Die Erzieherin liest eine religiöse Geschichte vor. Dabei gehe es zum Beispiel darum, dass die Kinder mehr über Feste wie Weihnachten und Ostern erfahren, so die Erzieherin. Dann erzählen die Steppkes, was sie in der Woche erlebt haben. Sie können Danke sagen für gewisse Dinge und sich etwas wünschen. "Dabei sollen die Kinder auch lernen, dem anderen zuzuhören und ihn ausreden zu lassen", meint Steffi Rößner. Später geht's an die frische Luft zum Haschespielen, Budenbauen und Wettrennen. Nach dem Mittag bereitet die Erzieherin häufig ein Stehgreif-Spiel vor, oft mit religiösem Inhalt.

Christliche Werte vermitteln

Rahel schüttelt den Kopf. Nein, es sei gar nicht komisch, dass sie freitags hier im katholischen Pfarramt ist und sonst in ihrem "normalen" Kindergarten. Pfarrer Michael Teubner versteht dieses Angebot nicht als Konkurrenz, sondern als ein "zusätzliches, alternatives Angebot". Die Idee sei, dem Nachwuchs christliche Werte zu vermitteln, kindgemäß an christliche Texte heranzuführen und auch den Kleinen hier die Möglichkeit zu geben, über Religiöses zu reden. "Es ist erstaunlich, wie wach die Kinder sind", hat der Pfarrer festgestellt.

Entstanden sei diese Form von Kinderbetreuung in der katholischen Kirche Borna vor mehr als 30 Jahren. Der Staat war damals dagegen, dass die Gemeinde St. Joseph einen eigenen Kindergarten gründet. "Um das zu unterlaufen, haben wir gesagt, es sei ja nur für einige Stunden. Wir haben tiefgestapelt und die Sache halb illegal betrieben", berichtet der Pfarrer. Offiziell nannte man es die "Frohe Herrgottstunde".

Nach der Wende habe man gemeinsam mit der evangelischen Kirche überlegt, einen christlichen Kindergarten in Borna zu gründen. "Aber das ist leider nicht zu verwirklichen", bedauert der Pfarrer und denkt an Kosten und Geburtenrückgang.

Aber zumindest der "Freitagskindergarten" soll bleiben.
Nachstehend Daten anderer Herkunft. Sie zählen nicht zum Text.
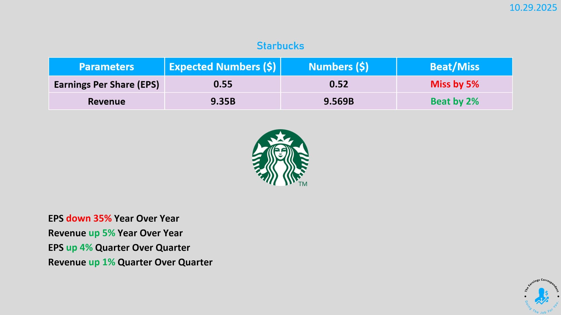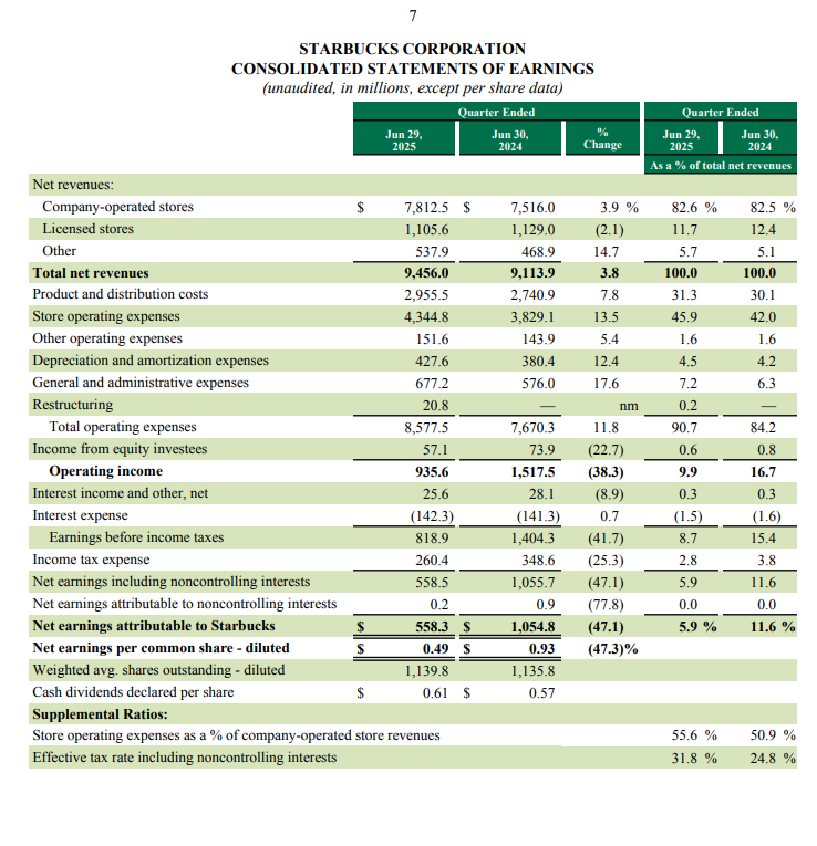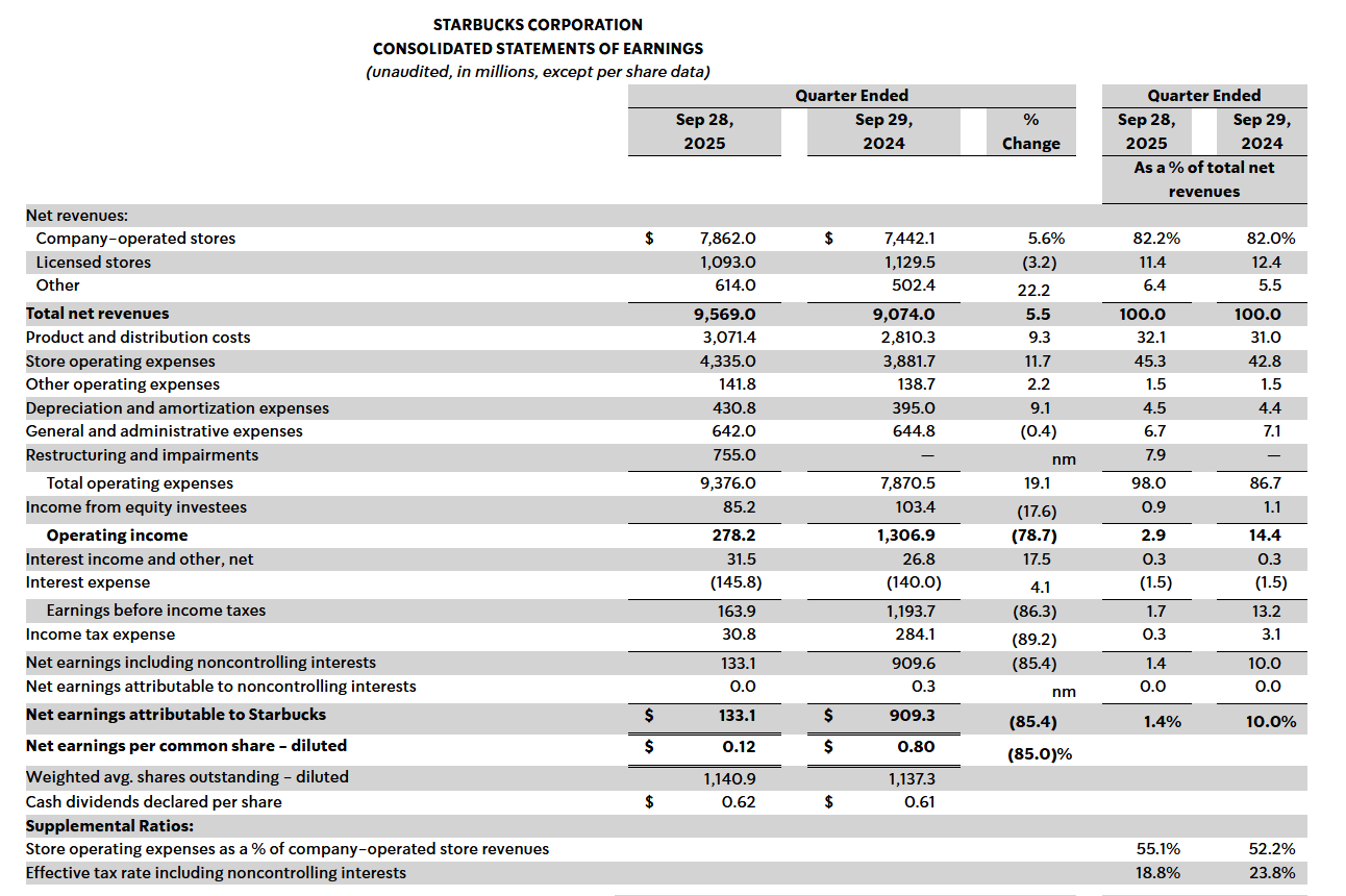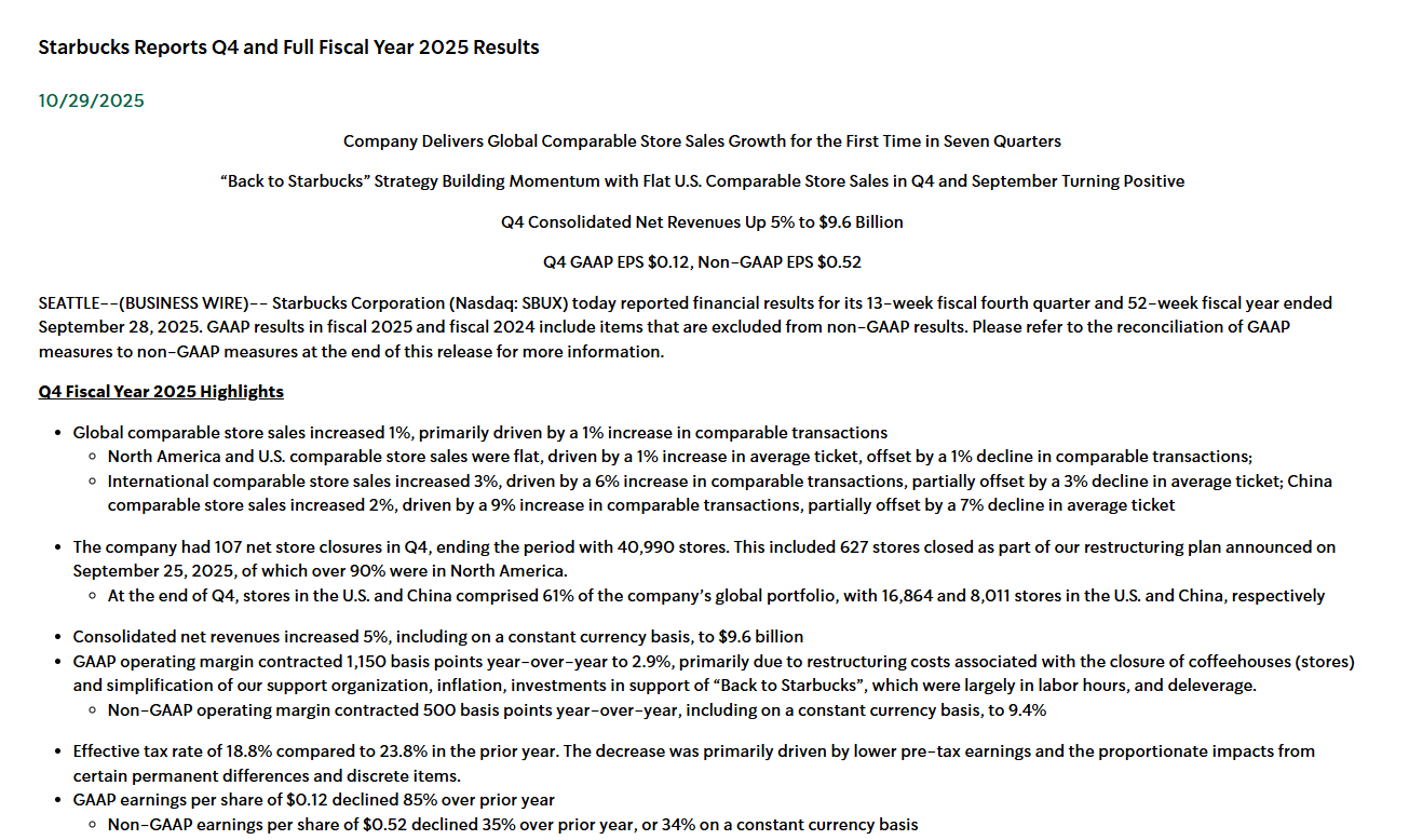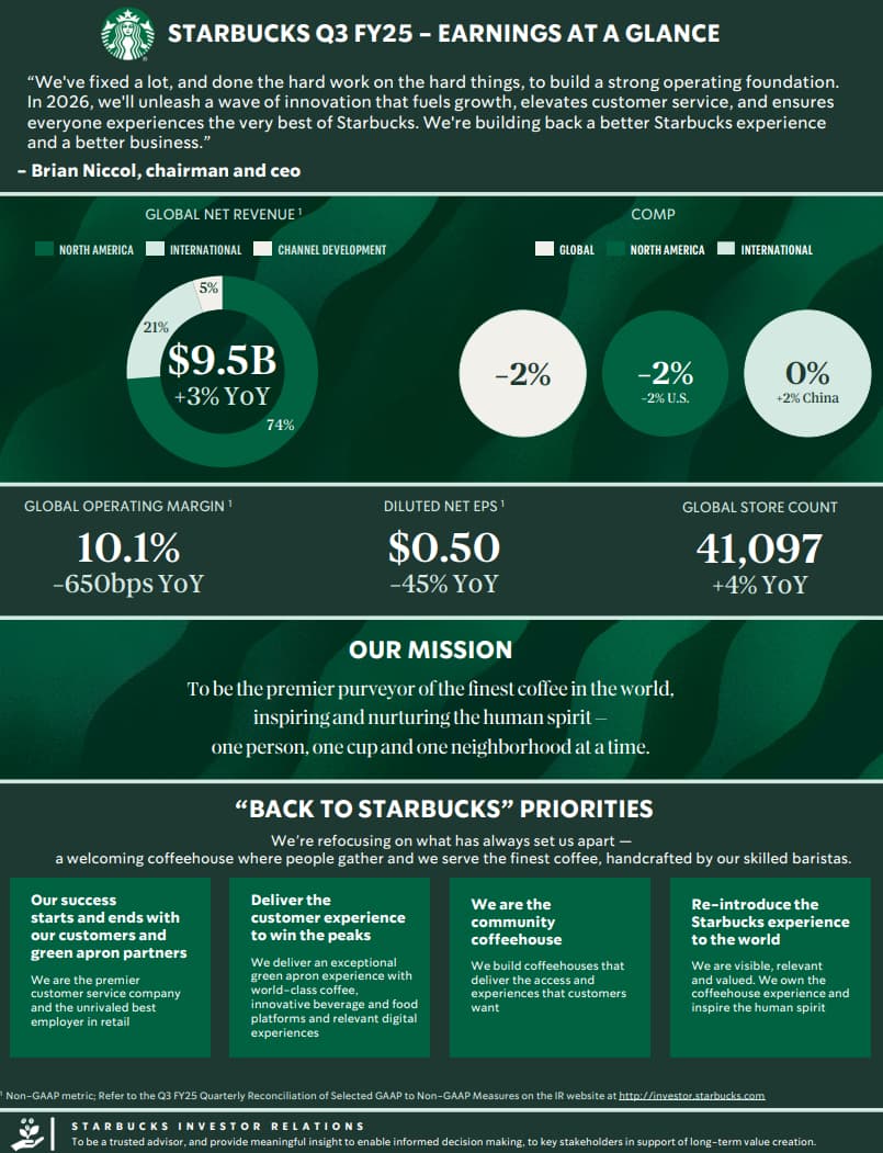 Starbucks kertoi liikevaihdon kasvaneen, mutta tulos ja operatiivinen kannattavuus heikkenivät selvästi edellisvuodesta. Ns. vertailukelpoiset myynnit ja asiakasmäärät laskivat Yhdysvalloissa ja Kanadassa, vaikka liikevaihto kasvoi hieman. Sitten taas kansainvälisillä markkinoilla myynti kasvoi voimakkaammin, mutta kannattavuus laski.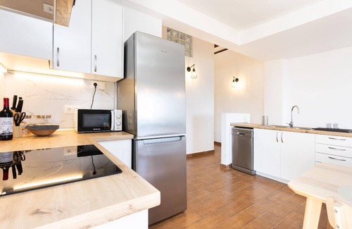 The kitchen is fully equipped, ready for you to prepare your favourite meals. There is also a washing machine on the balcony.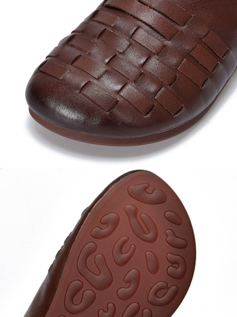 Women Vintage Genuine Leather Weave Low Heel Shoes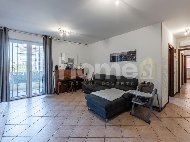 Entrando, si viene accolti da una sala ampia e luminosa, un ambiente conviviale e perfetto per accogliere ospiti o rilassarsi in totale comfort. Da qui si accede al balcone, ideale per godersi momenti di tranquillità all’aperto.
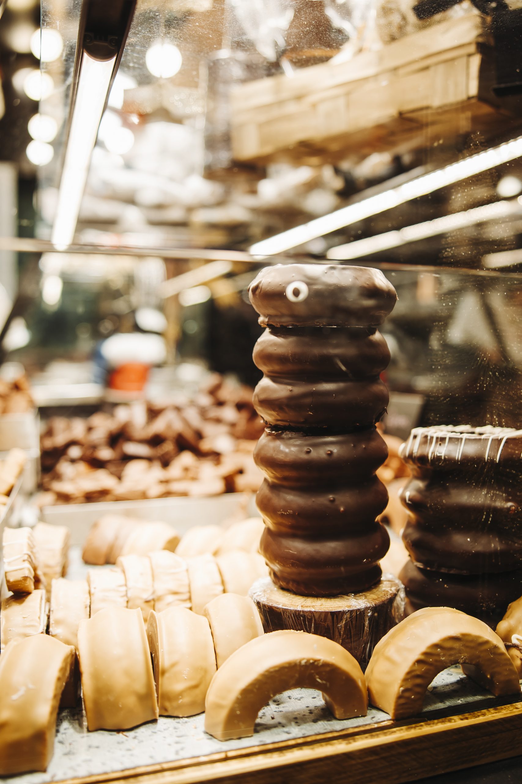Vom Lübecker Weihnachtsmarkt direkt zu dir nach Hause – unser frisch von der Walze und in Kuvertüre überzogener Baumkuchen.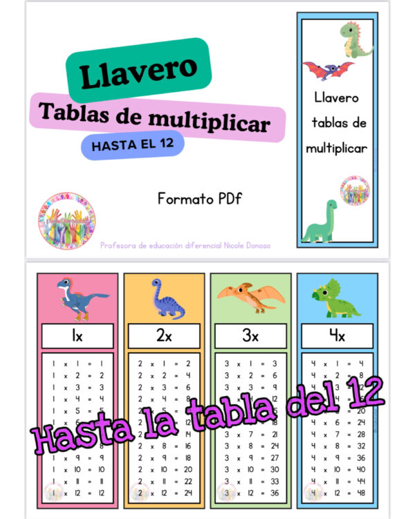 Llavero tablas de multiplicar hasta el 12 en formato PDF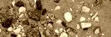 Concrete wall texture with pebbles. Decorative rough concrete surface with white, black and gray stones. Wide panoramic texture for background and design.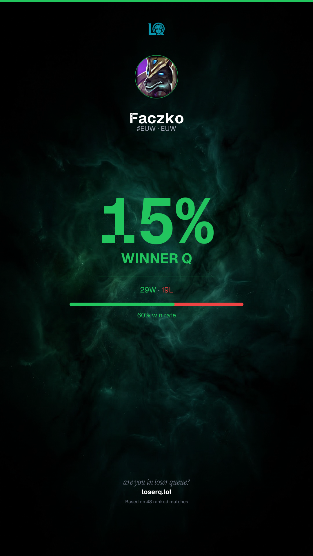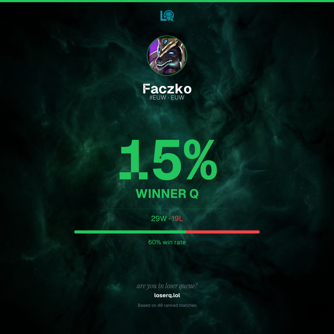 29 wins, 19 losses — a 60% win rate. A strong showing.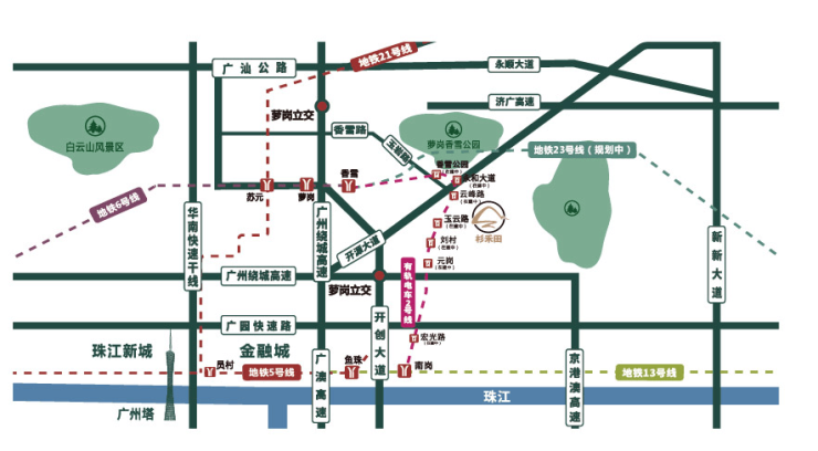 家门口有轨电车2号线无缝接驳6号线香雪站(香雪站—天河客运站)及13号线南岗站(鱼珠—南岗—新沙)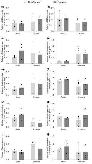Relative mRNA expression in HUVECs (n = 3) after aerosolization in static and dynamic conditions with WSS of 5 dyn/cm2 with non-sprayed cells serving as a control. HUVECs were analyzed for relative mRNA expression of (a): Krüppel-like factor 2 (KLF2); (b): Endothelin 1 (EDN1); (c): Nitric oxide synthase 3 (NOS3); (d): Heme oxygenase 1 gene (HO1); (e): NAD(P)H quinone dehydrogenase 1 (NQO1); (f): Thrombomodulin (TM); (g): Tissue plasminogen activator (TPA); (h): Monocyte Chemoattractant Protein-1 (MCP1); (i): Interleukin 8 (IL8); (j): Vascular cell adhesion molecule 1 (VCAM1) in relation to a reference gene index consisting of GAPDH and TBP. Data are shown as mean ± SD and as black dots and squares representing the individual data points.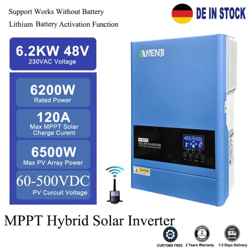 Inwerter może być wyposażony w opcję komunikacji/sterowania przez WiFi oraz BMS do akumulatorów. Jest to wzmocniona, rozszerzona wersja bardzo popularnego inwertera 5000W. Fotowoltaika niskonapięciowa. Praca wyspowa, bez wysyłania prądu do sieci.
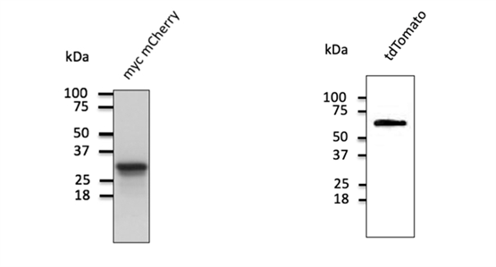 ? ? 西美杰代理SICGEN品牌提供的Anti-mCherry和Anti-tdTomato均為從圓盤珊瑚中提取的紅色熒光蛋白的多克隆抗體。Anti-mCherry和Anti-tdTomato兩種抗體的抗原均是大腸桿菌表達的重組多肽純化而來,用Western blot檢測轉(zhuǎn)染了兩種蛋白的HEK293細胞,分別可檢測到29kda和55kda的條帶。Anti-tdTomato抗體對tdTomato和mCherry均有特異性,但與綠色熒光蛋白(GFP)不發(fā)生交叉反應(yīng)。???????????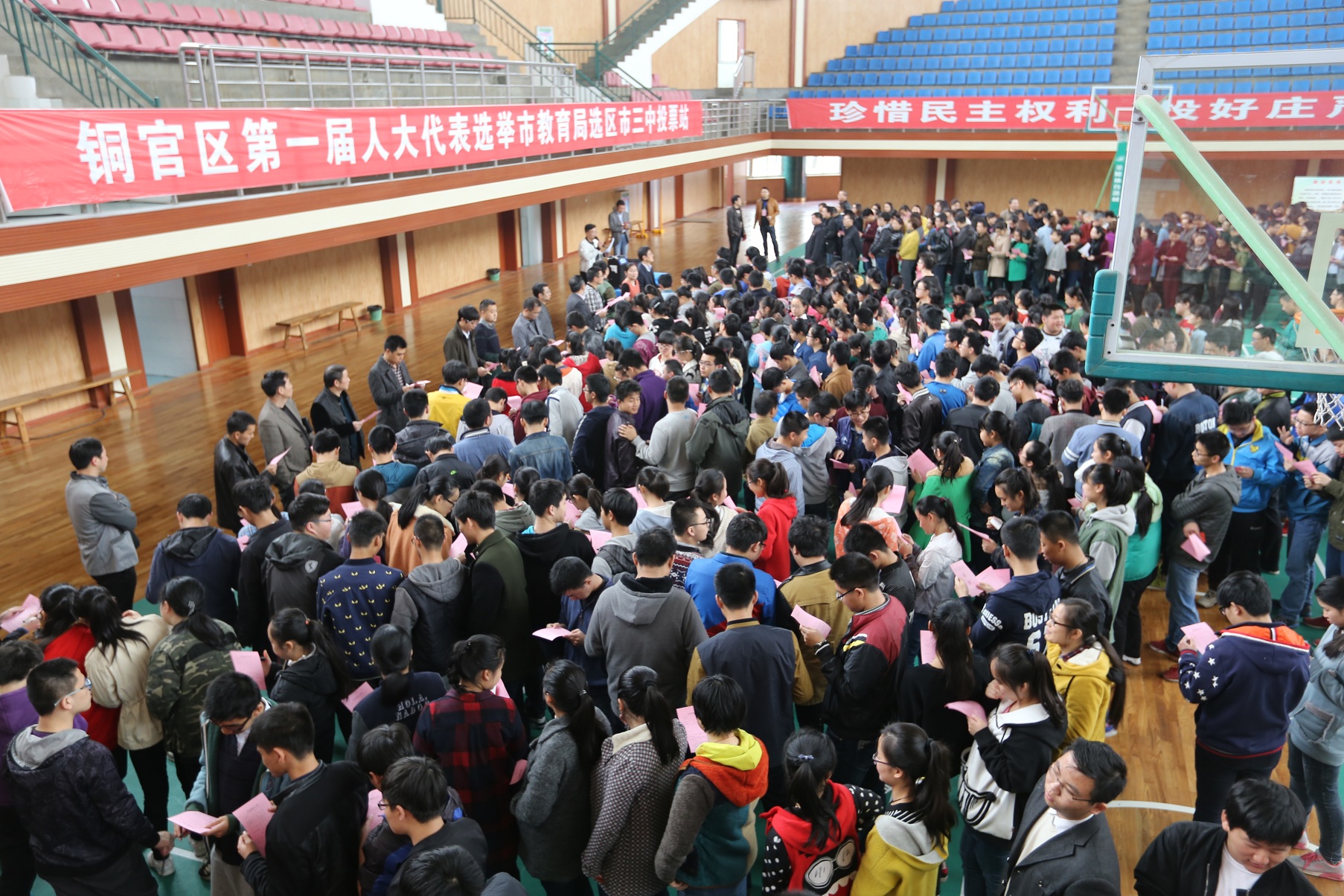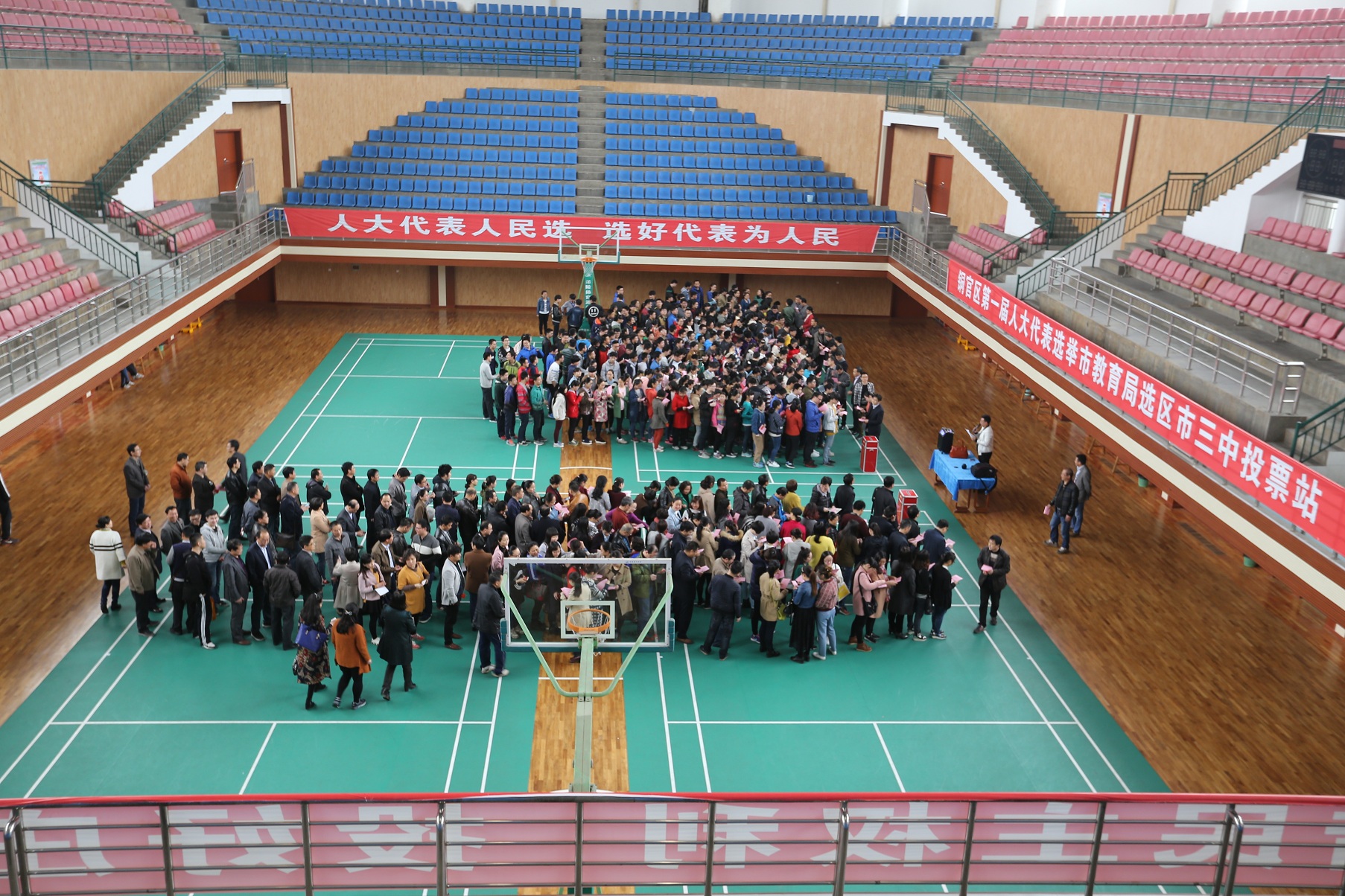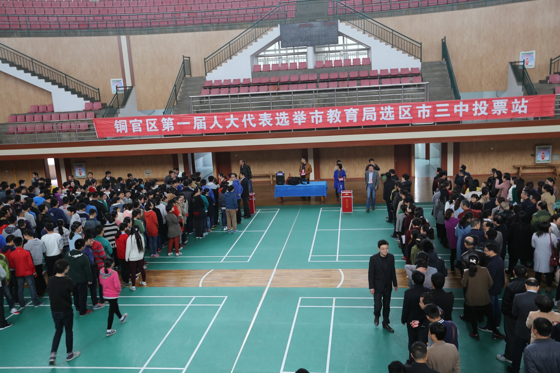 本校讯 今天上午10时,铜官区人大代表选举三中投票站举行选举投票大会,校领导钟士标、吴翀、叶叶与全校500多名师生在校体育馆投下庄严一票。投票大会由校对外联络办公室梁波主任主持。

Da fünf der zwölf Schützlinge seit gestern nun einen Ranzen tragen, ist die Gruppe mächtig geschrumpft. Pfarrer Teubner möchte nicht nur katholische Familien ansprechen: "Wir sind offen für alle. Wer glaubt, solch ein Tag in der Woche würde meinem Kind gut tun, kann gern bei uns reinschnuppern."